DATA TO USE
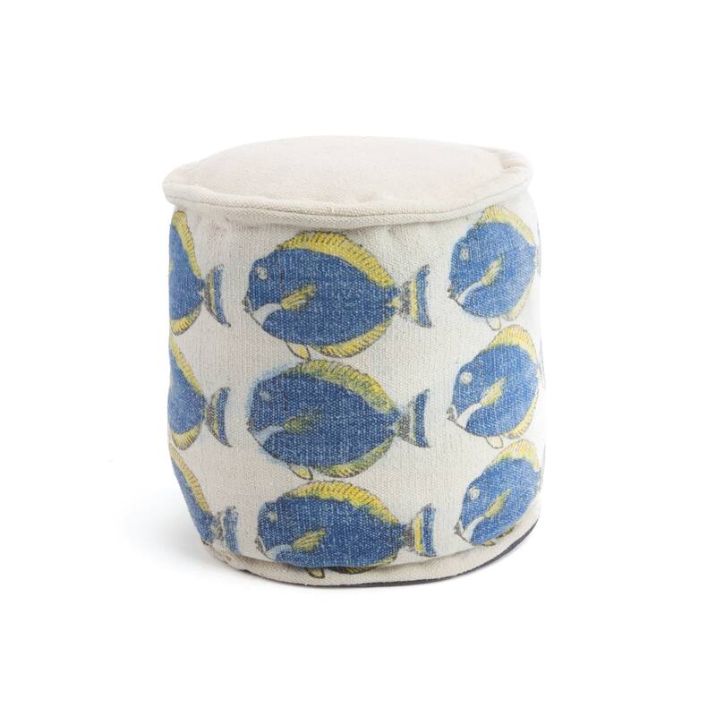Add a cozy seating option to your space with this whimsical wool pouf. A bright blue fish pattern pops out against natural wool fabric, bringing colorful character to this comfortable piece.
* * *
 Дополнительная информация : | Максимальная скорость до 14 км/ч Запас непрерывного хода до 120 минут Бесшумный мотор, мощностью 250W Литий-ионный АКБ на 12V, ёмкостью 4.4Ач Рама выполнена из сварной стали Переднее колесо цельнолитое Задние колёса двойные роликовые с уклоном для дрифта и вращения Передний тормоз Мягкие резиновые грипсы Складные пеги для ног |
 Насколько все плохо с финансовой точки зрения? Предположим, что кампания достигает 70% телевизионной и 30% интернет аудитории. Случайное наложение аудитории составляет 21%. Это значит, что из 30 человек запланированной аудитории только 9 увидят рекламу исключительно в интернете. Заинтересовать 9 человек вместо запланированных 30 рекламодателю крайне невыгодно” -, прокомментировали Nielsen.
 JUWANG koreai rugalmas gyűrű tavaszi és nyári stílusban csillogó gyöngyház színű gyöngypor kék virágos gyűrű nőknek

WHAT TO WORK ON
From the records above, copy out the line with "Дополнительная информация : |", the line with "Насколько все плохо", and every line between them, word for word.

EXERCISE RESULT
 Дополнительная информация : | Максимальная скорость до 14 км/ч Запас непрерывного хода до 120 минут Бесшумный мотор, мощностью 250W Литий-ионный АКБ на 12V, ёмкостью 4.4Ач Рама выполнена из сварной стали Переднее колесо цельнолитое Задние колёса двойные роликовые с уклоном для дрифта и вращения Передний тормоз Мягкие резиновые грипсы Складные пеги для ног |
 Насколько все плохо с финансовой точки зрения? Предположим, что кампания достигает 70% телевизионной и 30% интернет аудитории. Случайное наложение аудитории составляет 21%. Это значит, что из 30 человек запланированной аудитории только 9 увидят рекламу исключительно в интернете. Заинтересовать 9 человек вместо запланированных 30 рекламодателю крайне невыгодно” -, прокомментировали Nielsen.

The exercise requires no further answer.